The reality is that we chose something between the two. In the initial months, after we (belatedly) recognised the threat of the virus, we shut down our economies and stayed home. We chose option 2. You can see in the state charts above how that quickly helped us curb the spread of new infections.

Unfortunately, then the Trump administration chose to follow option 1 and encouraged states to “reopen” their economies. And because we never got the virus fully under control, we sowed the seeds for the explosive growth this autumn and winter.

But the vaccines are now here and the best bet is to vaccinate the population. How many people do we need to vaccinate? The exact number depends upon the infectiousness of the virus. Measles, one of the most infectious viruses out there, requires near 100% vaccination rates to achieve herd immunity. Thankfully, this coronavirus is not as infectious as measles. Early estimates placed the range at 60–70%. But lately, some epidemiologists have indicated the true number may be higher. Dr. Fauci of the National Institutes of Health (NIH) has said the true number is likely 70–85%.
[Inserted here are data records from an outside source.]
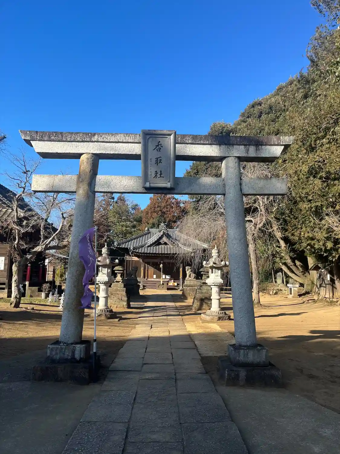 沓掛香取神社様から土浦境線を西へ行ったところにある伏木香取神社様へ。伏木香取神社は経津主命と誉田別命を主祭神としてお祀りしています。創建は後醍醐天皇の御大、下総国一ノ宮である香取神宮から分霊を勧請したのがその始まりといわれています。永徳3年(1383年)9月9日には現在の地に遷座されました。天正元年(1573年)、常陸国下妻城主、多賀谷重経によって焼き討ちに遭い被害を受けました。寛文2年(1662年)に再興されました。明治時代に入り、石鳥居が建設され大正元年(1912年)に村社に列格されました。令和5年(2023年)には御遷座650年祭が斎行されたそうです。周りには畑があり集落の中にある神社という印象でした。
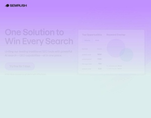 Semrush is the leading platform for growing and measuring brand visibility across virtually every digital channel, including search and AI. Win every search with the data you need to outrank the competition. Rates: TRIAL - 6,47EUR FIRST PURCHA ...
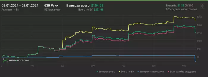 03/01/2024: 1.08ч, 639 рук nl100 +$150.
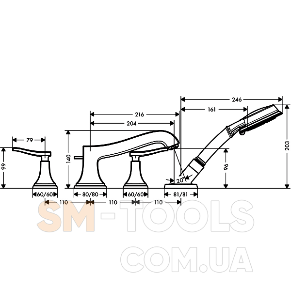 Змішувач для ванни Hansgrohe Metropol Classic 31441090
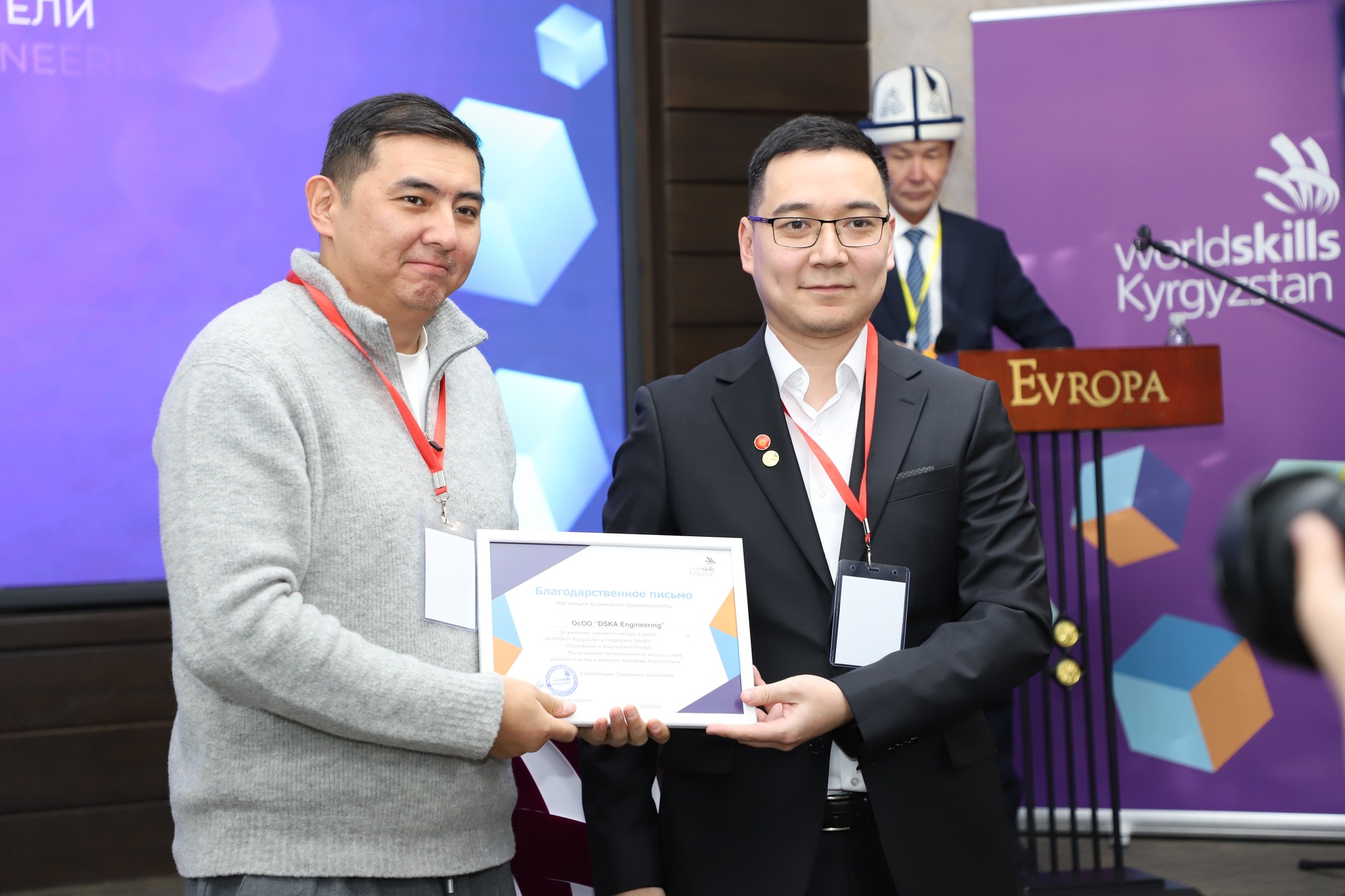 Кроме того, благодарственные письма были вручены участникам, преподавателям и партнерам чемпионатов «WorldSkills Asia 2025» в Тайбэе, «TurkicSkills 2025» в Актау и «EmiratesSkills 2025» в Абу-Даби.

This is why the new strains of the coronavirus we have identified in South Africa and the United Kingdom worry folks. Both appear to be more transmissible than earlier strains. Neither strain appears to be more lethal in its own right—although more cases means more people will die—but this increased infectiousness could mean we need an ever higher level of herd immunity, which means more vaccinations. And we’re already seeing the anti-vaccination support rising to somewhere in the range of 15-20%, just the threshold we could perhaps tolerate with the higher herd immunity range.

So what about the chart?

As we begin vaccinations, some states are reporting the numbers of people in their state that have been fully vaccinated against the coronavirus. I plot those numbers here. Pennsylvania, Virginia, and Illinois do so. Unfortunately, neither New Jersey nor Delaware does. I only have one data point recorded for Virginia and Illinois, and so they are not plotted yet, but both fall below the level of Pennsylvania, which has reported 0.50% of its population fully vaccinated. I have added a bar to show the range of estimated herd immunity we need.
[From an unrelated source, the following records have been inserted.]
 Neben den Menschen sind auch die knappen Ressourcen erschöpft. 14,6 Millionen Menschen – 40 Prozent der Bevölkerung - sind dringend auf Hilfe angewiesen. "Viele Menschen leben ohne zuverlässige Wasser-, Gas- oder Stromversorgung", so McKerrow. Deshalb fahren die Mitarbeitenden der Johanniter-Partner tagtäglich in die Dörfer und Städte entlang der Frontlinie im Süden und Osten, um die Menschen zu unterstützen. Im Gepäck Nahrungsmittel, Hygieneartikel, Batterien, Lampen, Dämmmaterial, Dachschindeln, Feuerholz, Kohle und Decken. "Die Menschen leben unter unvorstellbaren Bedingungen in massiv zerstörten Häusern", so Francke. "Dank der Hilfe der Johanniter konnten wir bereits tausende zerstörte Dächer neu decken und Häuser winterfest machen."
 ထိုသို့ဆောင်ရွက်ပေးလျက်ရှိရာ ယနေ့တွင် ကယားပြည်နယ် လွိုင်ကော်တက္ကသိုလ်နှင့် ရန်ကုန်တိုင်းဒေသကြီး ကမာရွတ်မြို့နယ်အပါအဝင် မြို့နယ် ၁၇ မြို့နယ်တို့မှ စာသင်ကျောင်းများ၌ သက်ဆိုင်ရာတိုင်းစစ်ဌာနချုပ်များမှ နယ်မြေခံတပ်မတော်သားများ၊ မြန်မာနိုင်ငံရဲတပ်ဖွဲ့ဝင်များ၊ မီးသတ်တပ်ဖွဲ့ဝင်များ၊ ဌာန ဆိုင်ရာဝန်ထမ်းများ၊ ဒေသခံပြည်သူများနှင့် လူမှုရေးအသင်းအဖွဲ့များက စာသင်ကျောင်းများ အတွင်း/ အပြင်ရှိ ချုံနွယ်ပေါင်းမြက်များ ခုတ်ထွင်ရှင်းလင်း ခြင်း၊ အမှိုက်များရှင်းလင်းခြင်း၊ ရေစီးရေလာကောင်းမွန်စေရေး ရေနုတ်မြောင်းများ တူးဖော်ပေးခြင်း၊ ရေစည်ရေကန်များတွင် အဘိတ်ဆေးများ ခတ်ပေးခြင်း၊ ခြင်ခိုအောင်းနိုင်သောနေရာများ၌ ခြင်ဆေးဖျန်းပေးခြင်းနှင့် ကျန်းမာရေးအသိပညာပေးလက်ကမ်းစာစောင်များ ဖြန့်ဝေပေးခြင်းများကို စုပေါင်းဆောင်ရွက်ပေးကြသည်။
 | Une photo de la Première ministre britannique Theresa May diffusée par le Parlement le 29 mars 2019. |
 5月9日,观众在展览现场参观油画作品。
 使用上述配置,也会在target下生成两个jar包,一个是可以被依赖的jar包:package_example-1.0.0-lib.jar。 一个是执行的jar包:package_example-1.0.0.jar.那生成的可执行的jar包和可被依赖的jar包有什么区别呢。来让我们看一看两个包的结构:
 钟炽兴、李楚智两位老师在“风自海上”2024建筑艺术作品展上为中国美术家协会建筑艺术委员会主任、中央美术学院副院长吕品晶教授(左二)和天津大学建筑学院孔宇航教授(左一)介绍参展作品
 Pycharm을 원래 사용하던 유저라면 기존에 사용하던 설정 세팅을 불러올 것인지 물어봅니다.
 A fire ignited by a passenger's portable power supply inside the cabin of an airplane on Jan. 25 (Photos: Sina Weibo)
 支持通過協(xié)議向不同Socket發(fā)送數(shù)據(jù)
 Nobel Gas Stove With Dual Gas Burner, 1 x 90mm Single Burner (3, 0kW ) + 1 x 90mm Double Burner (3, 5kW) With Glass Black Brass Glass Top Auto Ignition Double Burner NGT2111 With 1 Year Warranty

And that gets us to the second new chart, the number of total doses administered per day.

Functionally this resembles the usual two charts. We track the number of doses administered daily and then plot their seven-day average to smooth out any day-to-day blips. Of course this means almost the opposite of those two charts as we are tracking the progress of people who will be immune from the virus.
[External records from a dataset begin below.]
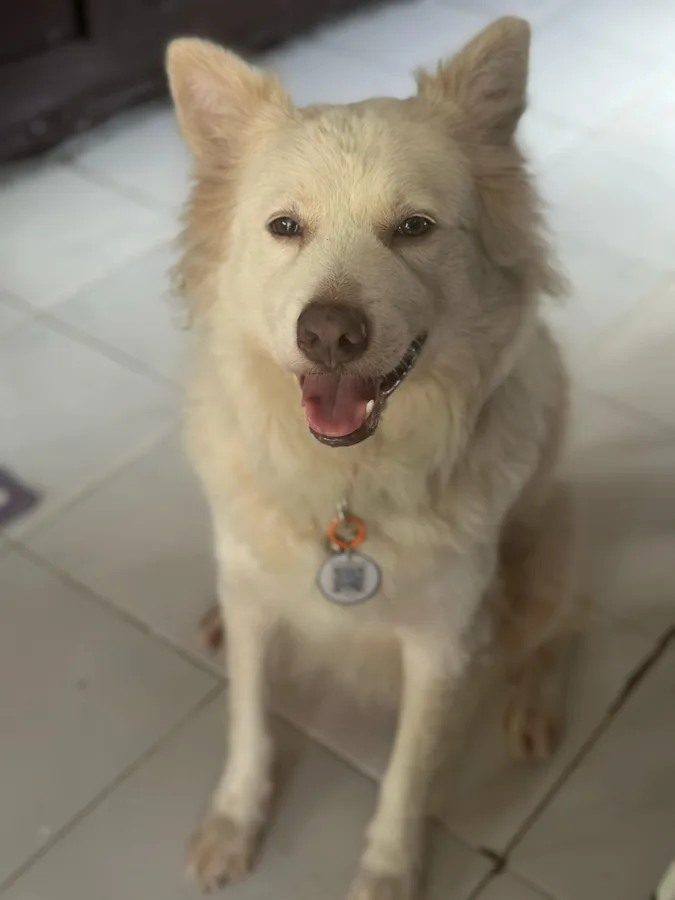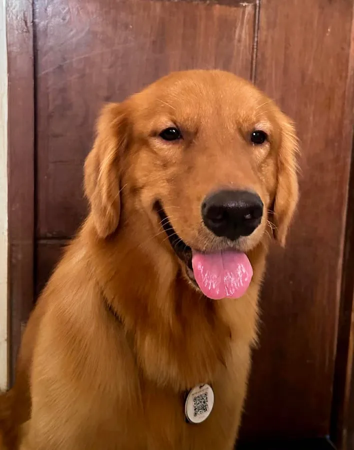 "Alpha, the Golden Heartthrob! π This fluffy charmer's too busy stealing hearts (and tennis ball) πΎ to notice he's wandered off, but his PetlyFinder SmartPet Tag has him covered! "
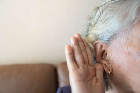 Hearing loss in seniors (Presbycusis) concept. Close up of elderly woman holding her hand near ear for trying hard to listen something. Elderly health care.
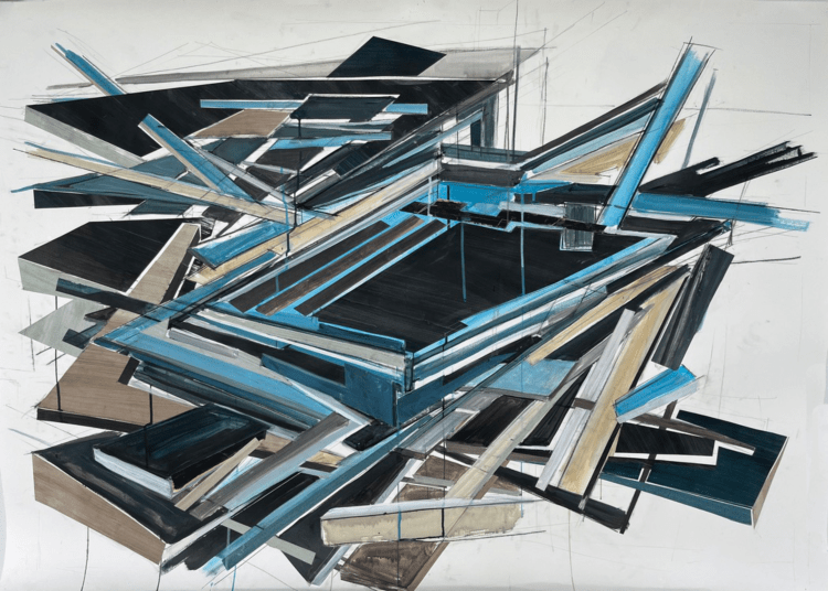 Z.T. 2023. Diverse technieken op papier. 97 x 136 cm
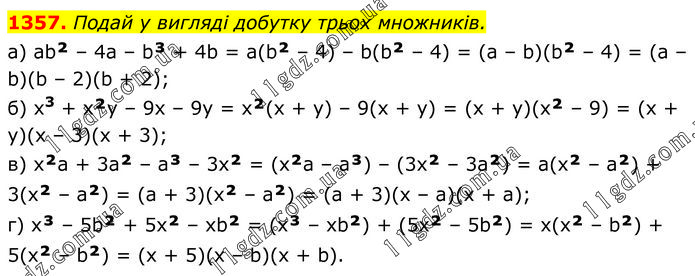 Подай у вигляді добутку трьох множників. а) ab² – 4a – b³ + 4b = a(b² – 4) – b(b² – 4) = (a – b)(b² – 4) = (a – b)(b – 2)(b + 2); б) x3 + x²y – 9x – 9y = x²(x + y) – 9(x + y) = (x + y)(x² – 9) = (x + y)(x – 3)(х + 3); в) x²a + 3a² – а³ – 3x² = (x²а – а³) – (3x² – 3а²) = a(x² – а²) + 3(x² – а²) = (a + 3)(x² – а²) = (a + 3)(х – а)(х + a); г) x³ – 5b² + 5x² – xb² = (x³ – xb²) + (5x² – 5b²) = x(x² – b²) + 5(x² – b²) = (x + 5)(x – b)(x + b).
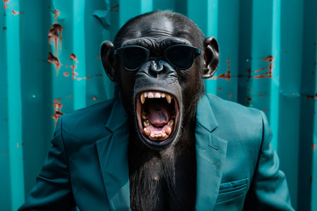 Portrait of a screaming gorilla in a suit and sunglasses on a green background
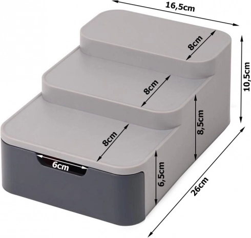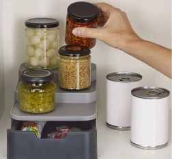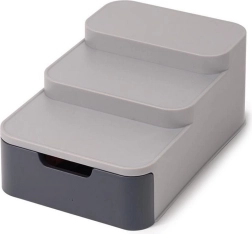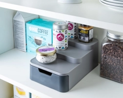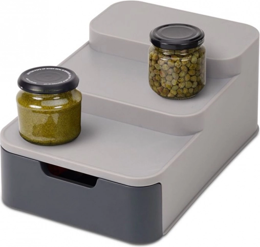 Ovaj kompaktni organizator učinkovito iskorištava prostor u vašoj ostavi ili ormariću. Tri razine osiguravaju bolju vidljivost staklenki i konzervi u stražnjem redu, dok izvlačna ladica prima vrećice, tube i druge sitnice. Izdržljiva siva plastika lako se čisti i odlično se uklapa u modernu kuhinju.

The catch is that with the current vaccines we need two shots for a full course of treatment and not all states break the data down with that level of granularity. Again, we are looking at Delaware and New Jersey as they provide only the total number of doses administered. Now that’s still helpful, but it doesn’t give us the most accurate picture of what is happening with vaccinations.

But in order to make things comparable across five states, I have decided to use that broader, total doses administered metric for Pennsylvania, Virginia, and Illinois. (Virginia and Illinois provide another headache in that it reports the daily number of people fully vaccinated, but does not break down the number of full vaccination doses.)

So what is this second chart showing us?

Well, we are seeing a slow, nearly steady growth in the number of vaccines administered. The problem is that we need to see steep, nearly exponential line charts here if we want to have any hope of returning to “normal” anytime soon. Reporting tells us that the federal government’s approach to the logistics of vaccine distribution has been…not great. (Although at this point, perhaps that should not surprise us.)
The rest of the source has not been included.